- _WHAT NEEDS TO BE DONE_: Repeat the following data exactly, omitting pictures.

- _MATERIAL PROVIDED_:
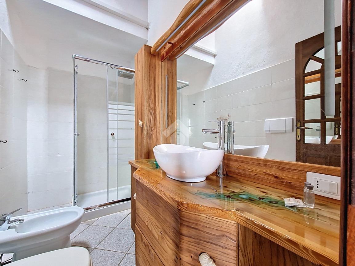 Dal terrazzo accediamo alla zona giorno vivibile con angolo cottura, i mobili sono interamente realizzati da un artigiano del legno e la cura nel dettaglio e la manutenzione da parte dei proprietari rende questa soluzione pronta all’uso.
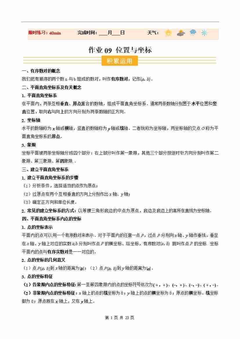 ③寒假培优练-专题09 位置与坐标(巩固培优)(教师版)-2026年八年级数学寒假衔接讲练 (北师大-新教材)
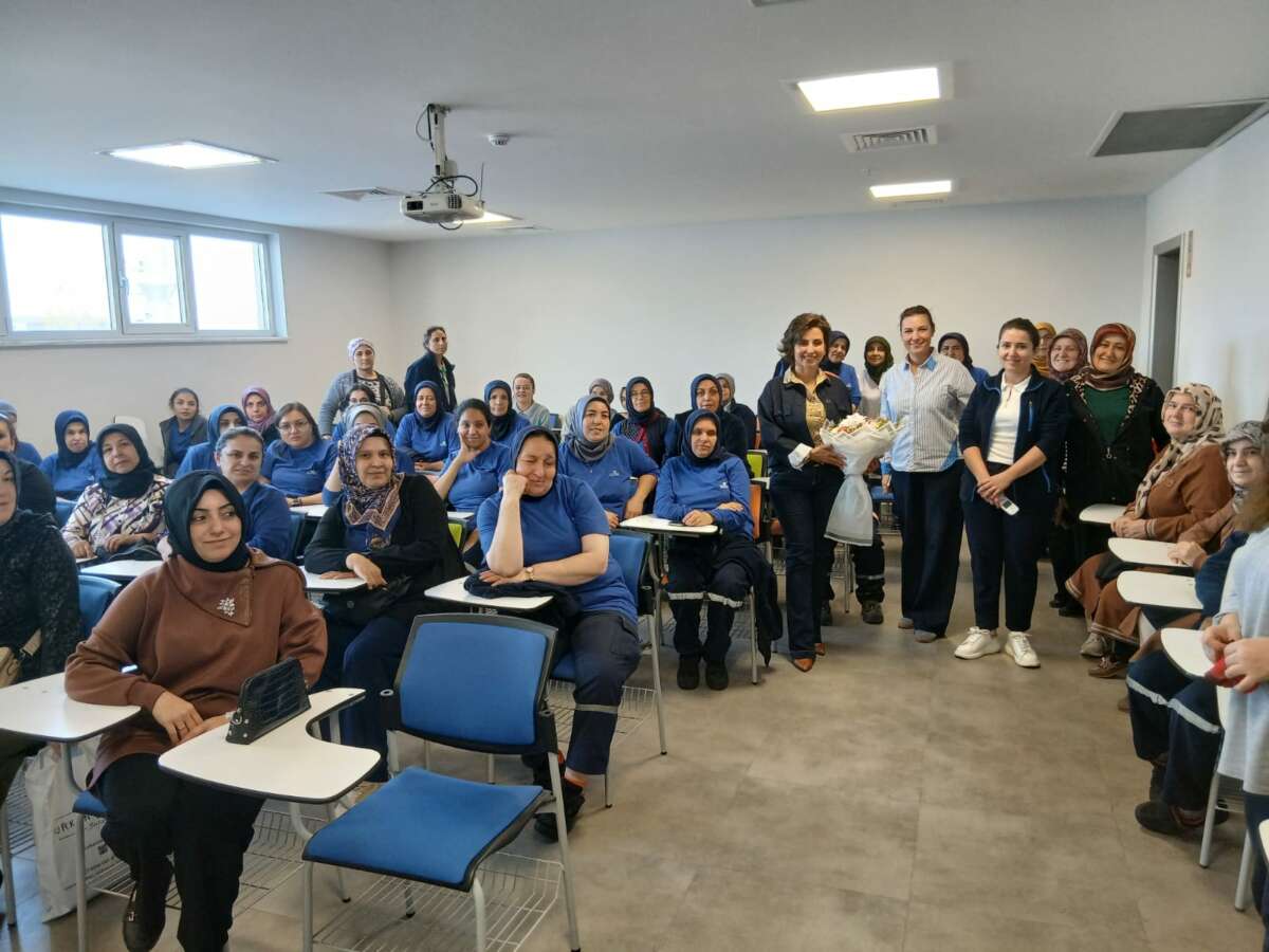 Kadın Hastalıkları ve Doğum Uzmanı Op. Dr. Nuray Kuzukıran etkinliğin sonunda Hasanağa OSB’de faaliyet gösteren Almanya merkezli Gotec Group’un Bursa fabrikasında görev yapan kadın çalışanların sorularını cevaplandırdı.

- _RESULT OF THE TASK_:
 Dal terrazzo accediamo alla zona giorno vivibile con angolo cottura, i mobili sono interamente realizzati da un artigiano del legno e la cura nel dettaglio e la manutenzione da parte dei proprietari rende questa soluzione pronta all’uso.
 ③寒假培优练-专题09 位置与坐标(巩固培优)(教师版)-2026年八年级数学寒假衔接讲练 (北师大-新教材)
 Kadın Hastalıkları ve Doğum Uzmanı Op. Dr. Nuray Kuzukıran etkinliğin sonunda Hasanağa OSB’de faaliyet gösteren Almanya merkezli Gotec Group’un Bursa fabrikasında görev yapan kadın çalışanların sorularını cevaplandırdı.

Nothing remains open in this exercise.